Go through the listing below and write out exactly the lines from the one that mentions "Mixed media on" through the one that mentions "- Lowden Limited lifetime warranty", minus the pictures.

(RECORDS SUPPLIED)

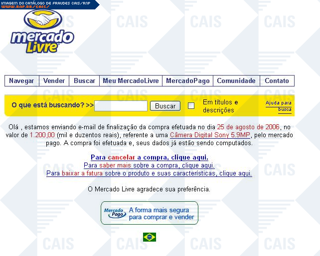 | comentário | Fraude que utiliza o nome do site de leilões MercadoLivre informando sobre a compra de uma camera digital em 25 de agosto de 2006. O link atrelado a mensagem faz o download do arquivo malicioso diversos.scr | |
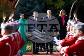 София (23 октомври 2025) Държавният глава Румен Радев (вляво) и съпругата му Десислава Радева посрещат генералния секретар на Виетнамската комунистическата партия То Лам (вдясно) и съпругата му Нго Фъонг Ли на площад „Св. Александър Невски“. То Лам отдава почит пред Паметника на Незнайния воин.
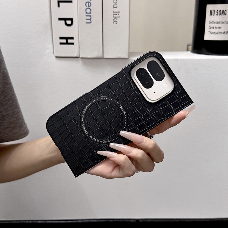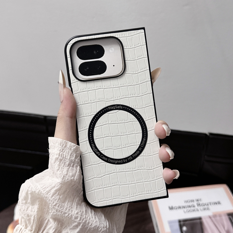 Funda de Piel con Patrón de Cocodrilo y Cierre Magnético Magsafe para Google Pixel 9 Pro Fold (Blanca)
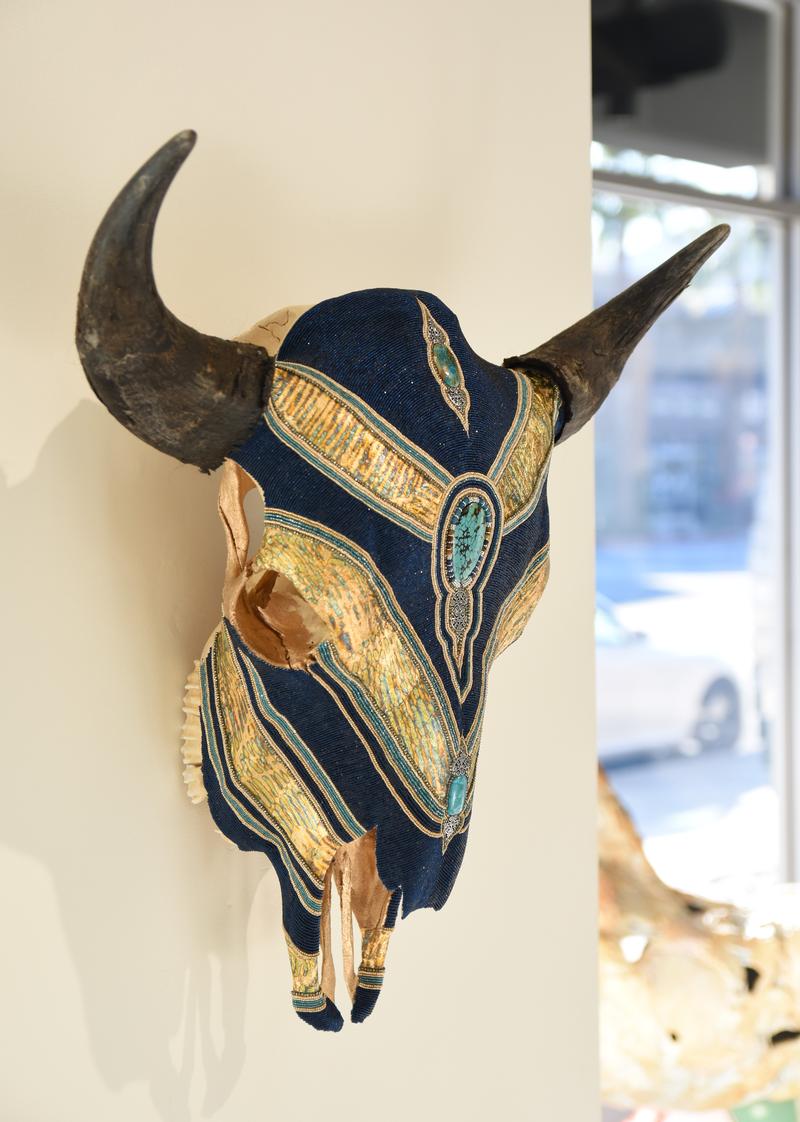 Mixed media on skull 22.5 x 21 x 8.5 in 58 x 53 x 23 cm
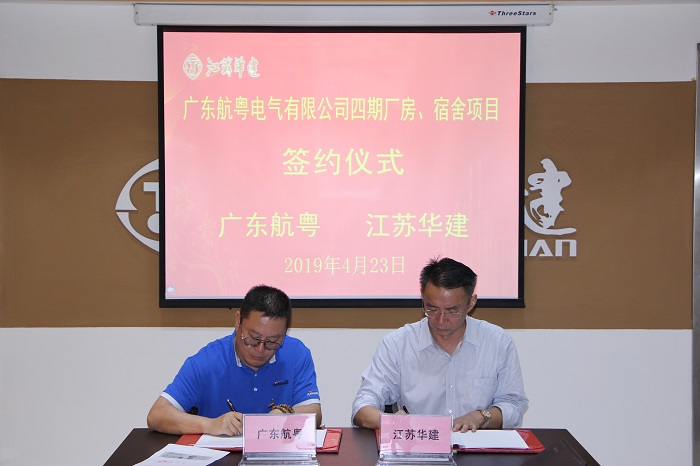 4月23日,公司举行广东航粤四期厂房项目签约仪式。公司总经理吕方达、副总经理、总工程师周学军、副总经理朱涛和广东航粤电气有限公司董事长杨建丰、总经理岳晓访、董事长助理黄创群等参加签约仪式。
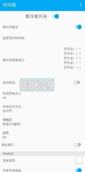 2、可以直接在手机上有一个小的悬浮窗来显示时间,悬浮窗时间显示效果可以随便创建和显示;
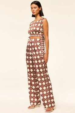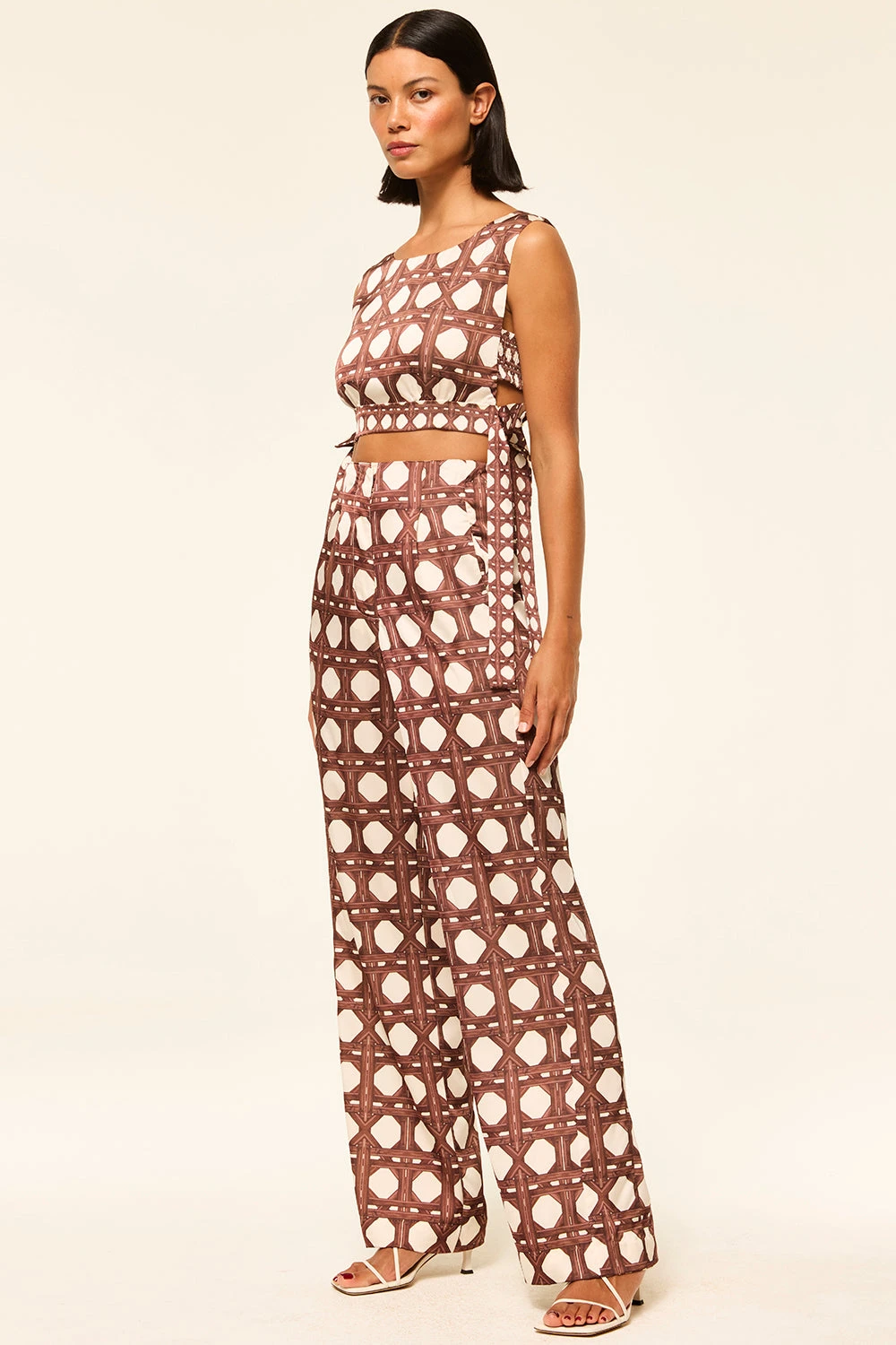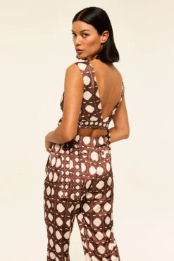 Olena is a standout piece from our Spring collection. This tailored crop top is cut from gorgeous Chocolate Rattan print satin and features a high neckline and v back. Side cutout with a smocked stretch band. Trimmed with a smaller scale print and bow details with hidden summary closure. Pair with the coordinating Rita pant for a memorable spring set for your next soirée.
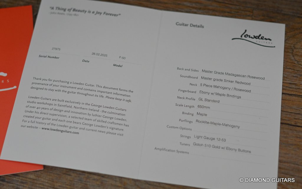 - Lowden Limited lifetime warranty
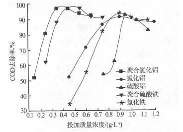 實驗選取5種無機混凝劑,其中鋁鹽混凝劑包括硫酸鋁、氯化鋁和聚合氯化鋁(PAC);鐵鹽混凝劑包括三氯化鐵和聚合硫酸鐵(PFS)。對每種混凝劑均進行投加量和pH的實驗:(1)取200mL實驗廢水,在相同的pH和攪拌速度下,加入不同量的混凝劑進行實驗,篩選出混凝劑的最佳投加量;(2)取200mL實驗廢水,調節水樣pH,在相同的混凝劑投加量和攪拌速度下進行實驗,篩選出最佳pH。并最終篩選出最佳混凝劑。
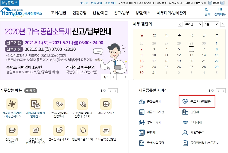 1.홈텍스 접속 후 근로.자녀장려금 서비스 선택
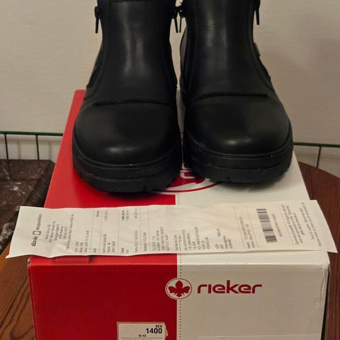 Svarta till färgen i skinn /mocka med gråbrunt fårskinn inuti. Stl 44.
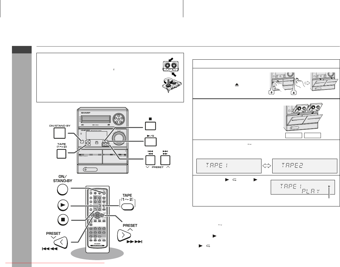 TAPE (1 2) button (main unit and remote control): The unit turns
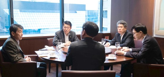 은성수 금융위원장(왼쪽 두번째)이 26일 서울 중구 은행연합회 뱅커스클럽에서 산업은행, 기업은행, 수출입은행 등 정책금융기관장들과 코로나19 피해기업 지원을 위한 간담회를 가졌다. 은 위원장은 "정책금융기관의 경영실적을 평가할 때 코로나19 지원에 따른 이익 감소분은 반영하지 않고, 지원노력은 가점을 반영하겠다"고 밝혔다.
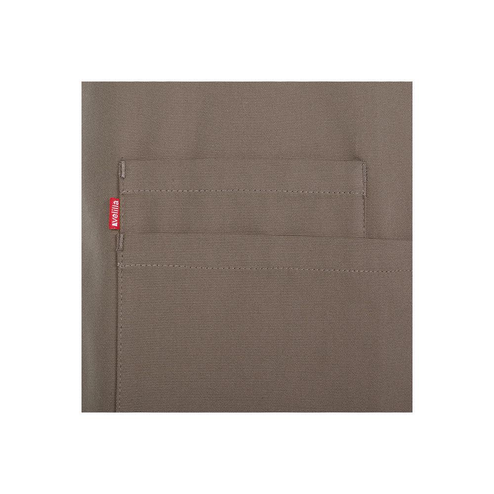 - Tratamento Repelente de Líquidos: A tecnologia aplicada ao tecido orgânico faz com que água, vinho e outros líquidos deslizem pela superfície, facilitando a limpeza e mantendo o avental com um aspeto limpo e profissional.
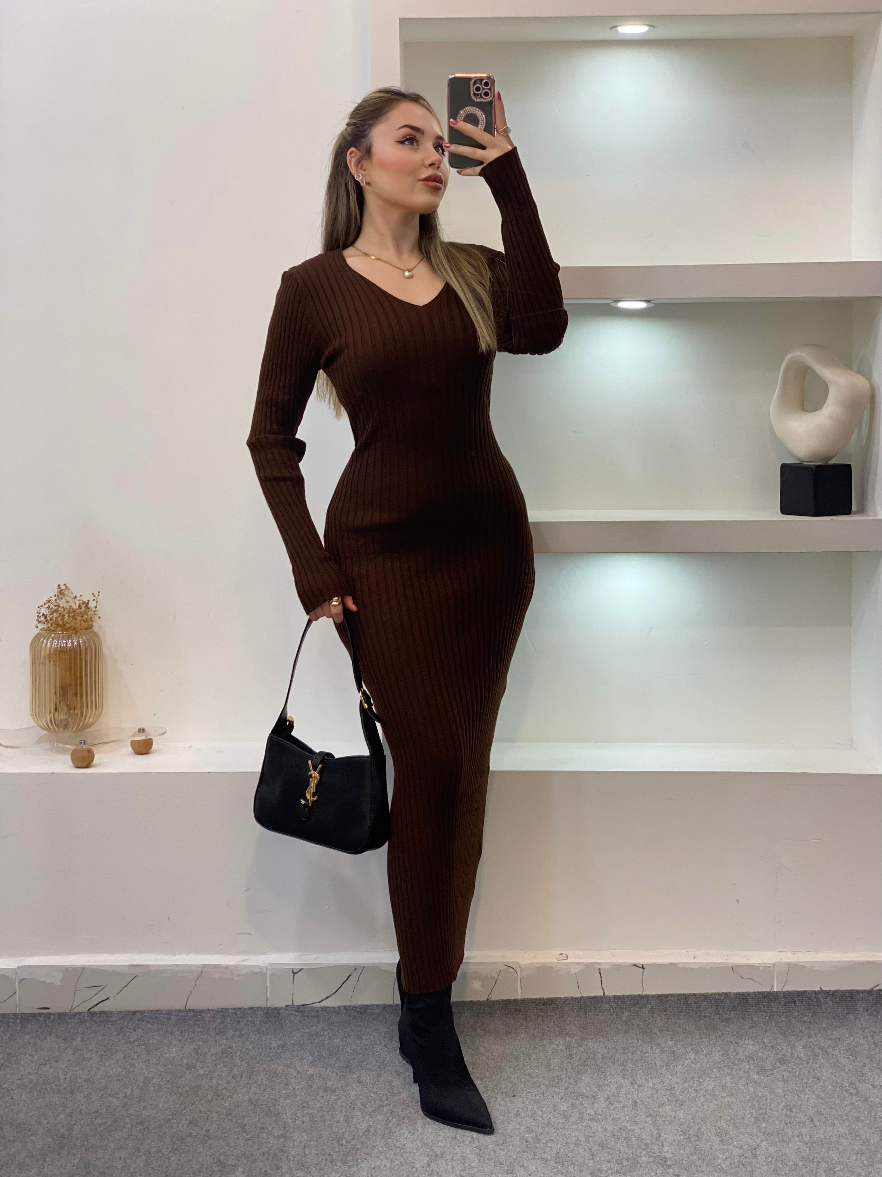 Kahve Arka Beli Kuşaklı Model Triko Elbise
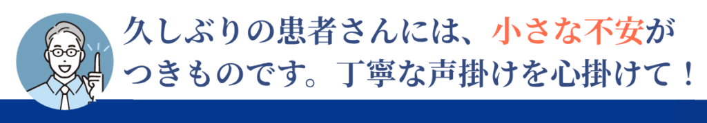 久しぶりの来院に対してネガティブな反応を見せず、「ここで良かった」と思える体験を積み重ねることが医院全体の信頼につながります。
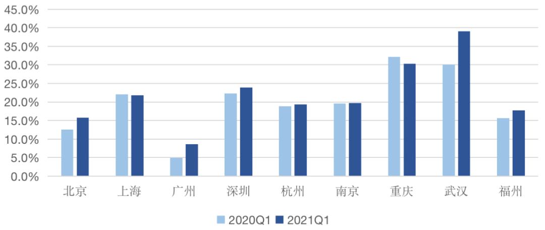 CAIC监测重点城市中,2021一季度与2020一季度同比空置率上升为普遍趋势,其中武汉和广州上升幅度较大,武汉受疫情影响,租户退租现象最为严重导致2020全年净吸纳为负,广州则源于近期的供应高峰;
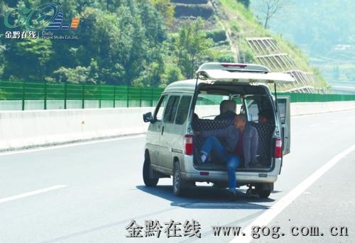 男子面包车高速路中间抛锚 后备箱里淡定坐等救援
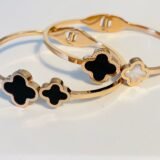 Elegant gold clover bracelet featuring a sleek adjustable bangle design with dual clover charms in black and pearl finish. Lightweight, stylish, and comfortable for daily wear, office use, parties, and gifting. A timeless accessory that adds a touch of sophistication to any outfit.

(End RECORDS SUPPLIED)

▶ _SOLUTION BELOW_
 Mixed media on skull 22.5 x 21 x 8.5 in 58 x 53 x 23 cm
 4月23日,公司举行广东航粤四期厂房项目签约仪式。公司总经理吕方达、副总经理、总工程师周学军、副总经理朱涛和广东航粤电气有限公司董事长杨建丰、总经理岳晓访、董事长助理黄创群等参加签约仪式。
 2、可以直接在手机上有一个小的悬浮窗来显示时间,悬浮窗时间显示效果可以随便创建和显示;
 Olena is a standout piece from our Spring collection. This tailored crop top is cut from gorgeous Chocolate Rattan print satin and features a high neckline and v back. Side cutout with a smocked stretch band. Trimmed with a smaller scale print and bow details with hidden summary closure. Pair with the coordinating Rita pant for a memorable spring set for your next soirée.
 - Lowden Limited lifetime warranty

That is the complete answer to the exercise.